A speech she made on the International Women's Day in 2012 in which she expressed her hope for the freedom of the imprisoned PKK founder Abdullah Ocalan was among the charges against her.

ERBIL, Kurdistan Region (Kurdistan24) - A Turkish court in the Kurdish city of Diyarbakir on Thursday acquitted the leading politician and Sakharov Laureate Leyla Zana in a 'terror' related trial in which prosecutors were asking up to 15 years in prison.

This is the second time in four months a court has absolved the lawmaker for the pro-Kurdish Peoples' Democratic Party (HDP) Zana of any wrongdoing in different cases.

A prosecutor's indictment against Zana argued that she was a member of the Kurdistan Workers' Party (PKK), an armed group waging a decades-long guerrilla warfare on the Turkish state over suppression of Kurdish identity and political demands.

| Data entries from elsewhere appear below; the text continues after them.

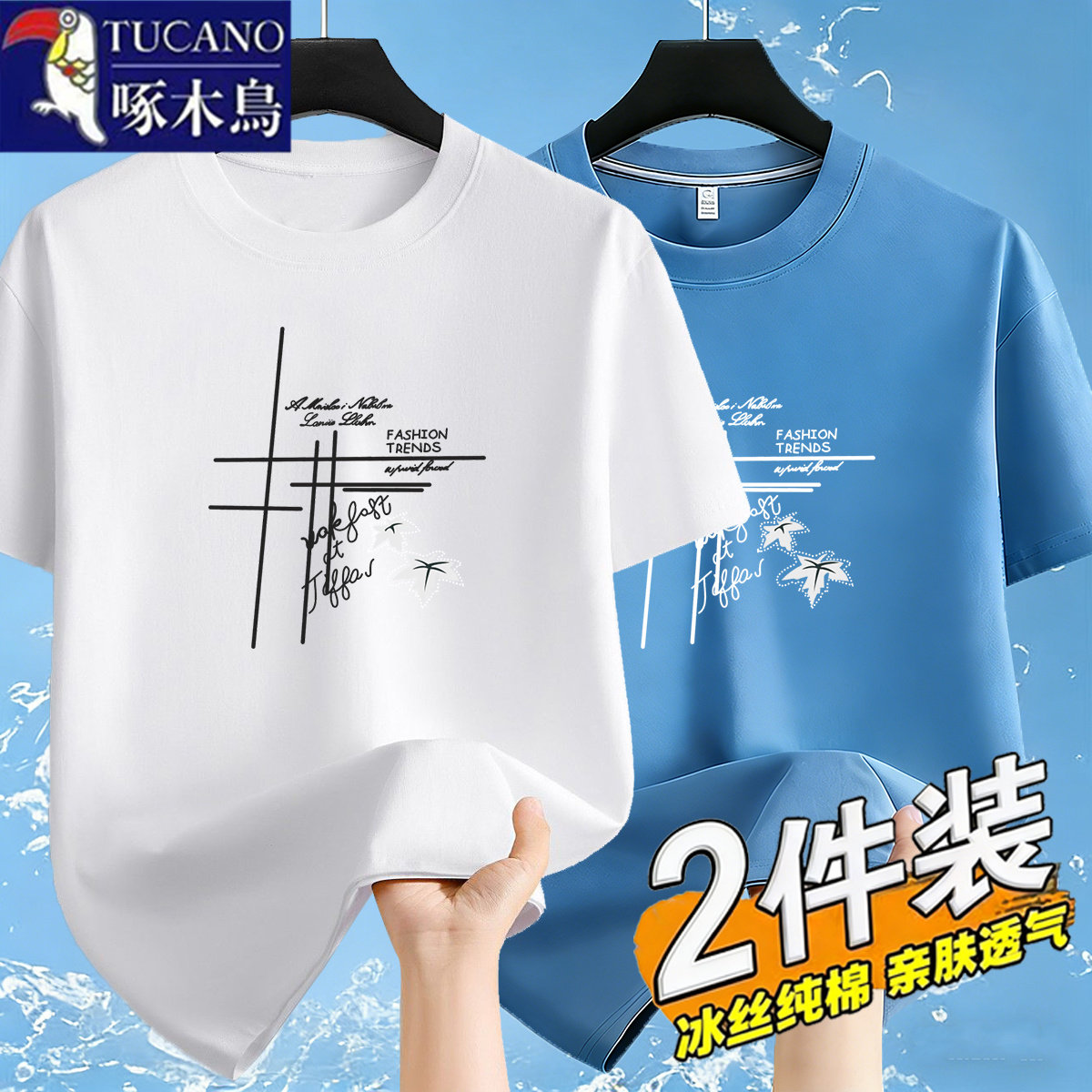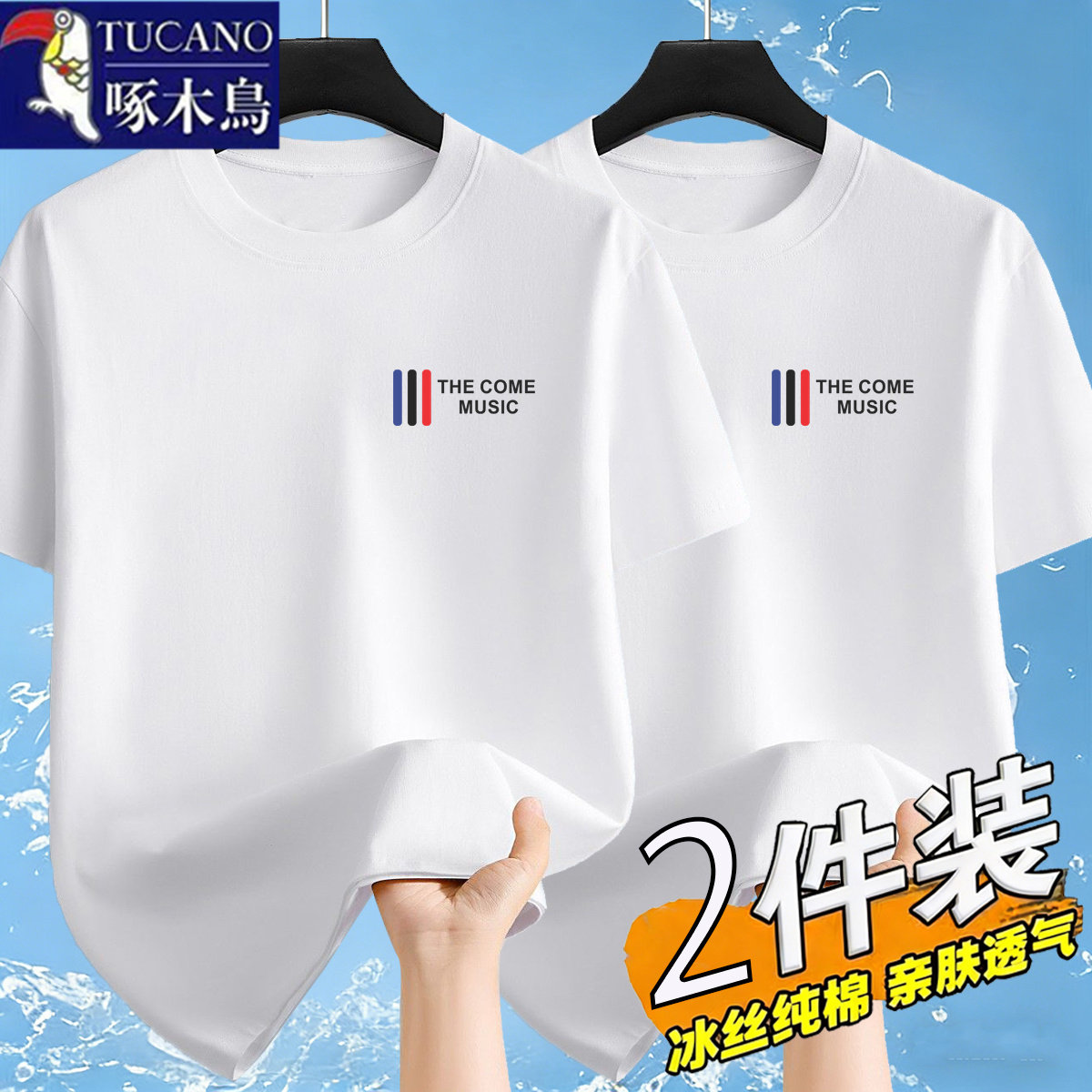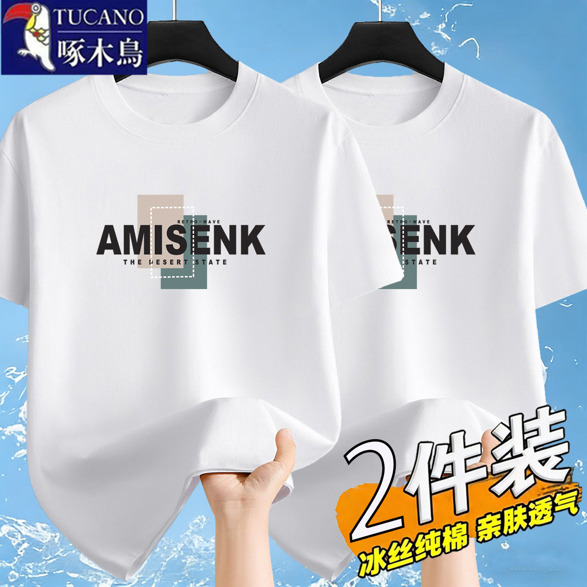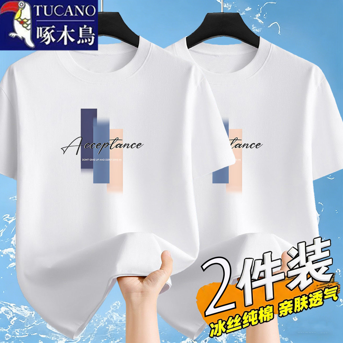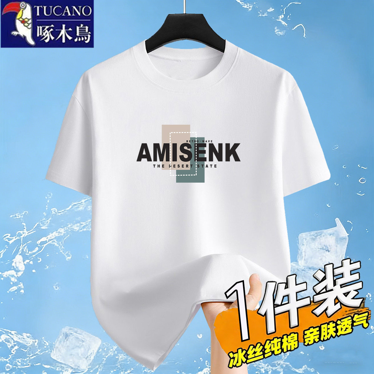 HomeProducts啄木鸟纯棉短袖男士t恤2026夏季新款学生宽松体恤圆领半袖上衣
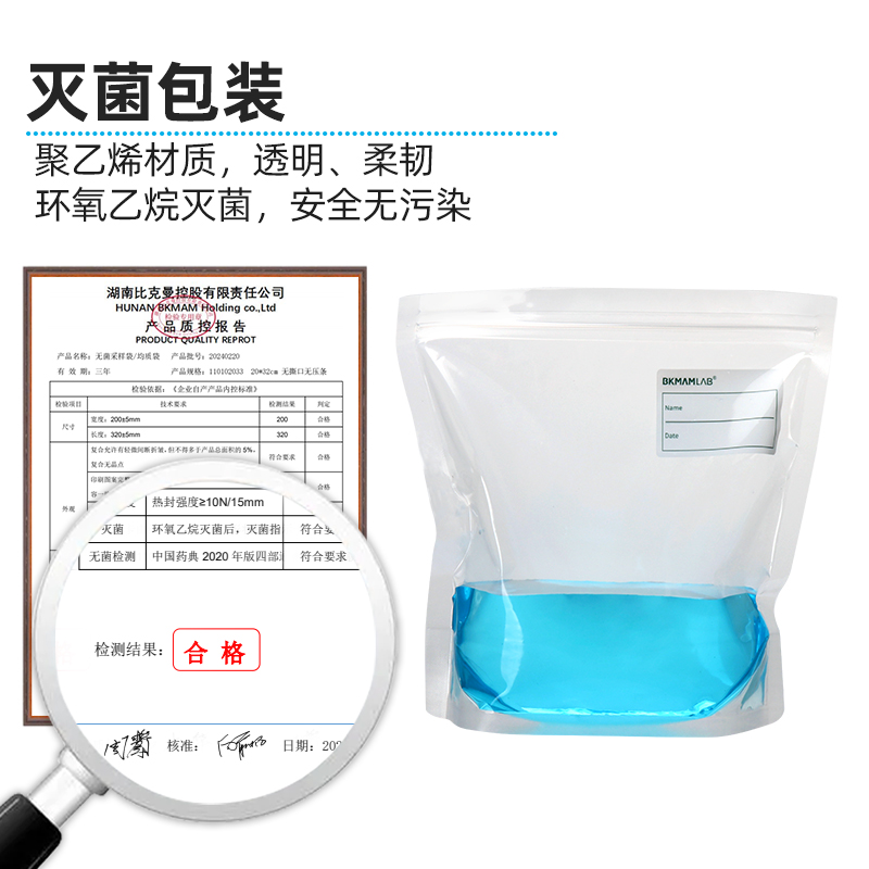 比克曼生物一次性无菌采样袋带压条无菌均质袋取样液体气体样品袋水质水样采样袋采集袋12*18cm20*32cm
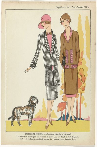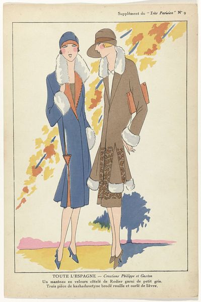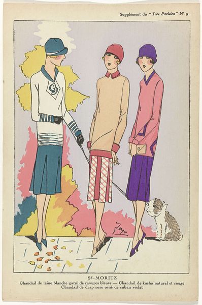 This fashion plate, printed in France in 1923, depicts three young women modeling the latest designs from Soeurrette, a Parisian fashion house. The image’s clean lines and geometric shapes reflect the influence of modernism on commercial art of the era. Fashion plates like this one played a crucial role in shaping consumer culture during the interwar period. They catered to an increasingly global market hungry for Parisian style. This plate appears in a series called "Très Parisien," explicitly associating its designs with the glamour and sophistication of Paris. It also suggests the importance of the fashion industry to the French economy and national identity. To fully understand this image, one could research the history of fashion magazines and the fashion industry. It would also be interesting to explore the representation of women in advertising and popular culture during this period. Fashion is both an art and a business, and always worth a critical look.
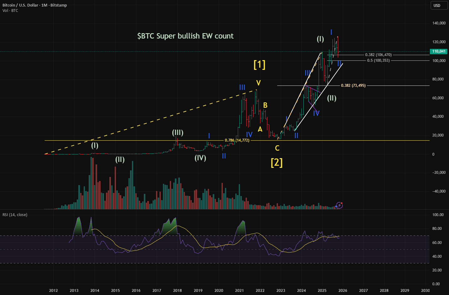 Melihat grafik bulanan, saya melihat tiga puncak siklus sebelumnya sebagai Gelombang (I), (III), dan (V), yang menyelesaikan gelombang primer [I].
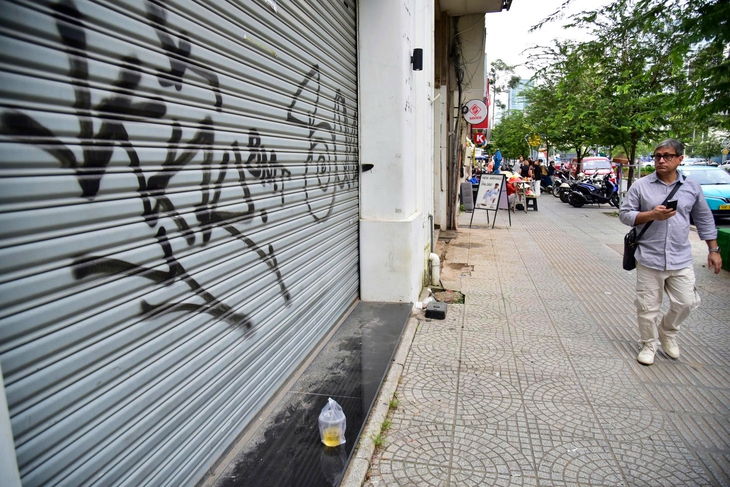 Những hình vẽ xấu xí trên cánh cửa của các ngôi nhà dọc trục Lê Lợi đã phải nhường chỗ cho lớp sơn mới đẹp mắt - Ảnh: TRÍ ĐỨC

But other charges Zana faced including "disseminating propaganda on behalf of a terror group" and "attending illegal meetings and walks despite warnings by authorities not to do so" remained, reported Kurdistan 24's Diyarbakir bureau.

A speech she made on the International Women's Day in 2012 in which she expressed her hope for the freedom of the imprisoned PKK founder Abdullah Ocalan was among the charges against her.

Police briefly detained her in February Diyarbakir, only to release her after an interrogation.

Zana, who was recently in the Kurdistan Region to pay her last respect to the late Kurdish revolutionary and former President of Iraq Jalal Talabani, herself did not attend the trial, relying on her defense attorney to present her case.

An ongoing crackdown by President Recep Tayyip Erdogan's government has seen thousands of Kurdish politicians, including local party officials, over 80 elected mayors and a dozen lawmakers jailed.

The HDP's charismatic Co-chair Selahattin Demirtas, the party's former leader Figen Yuksekdag remain imprisoned along nine other MPs.

So far the Turkish Parliament has also ousted five HDP lawmakers from their seats, reducing the number of the opposition bloc's representatives to 54 in the 550-seated assembly.

Zana rose to prominence in 1991, after being elected as the first Kurdish woman in the Turkish Parliament.

Her wearing of a headband with the three colors of green, red and yellow found in the flag of Kurdistan and taking the oath in Kurdish during the 1991 swearing-in ceremony resulted in her arrest by police in the Parliament's yard.

Later in 1994, a court sentenced her to 15 years of incarceration for "treason and membership in the PKK," because of a speech she gave on Kurdish rights during a visit to the United States.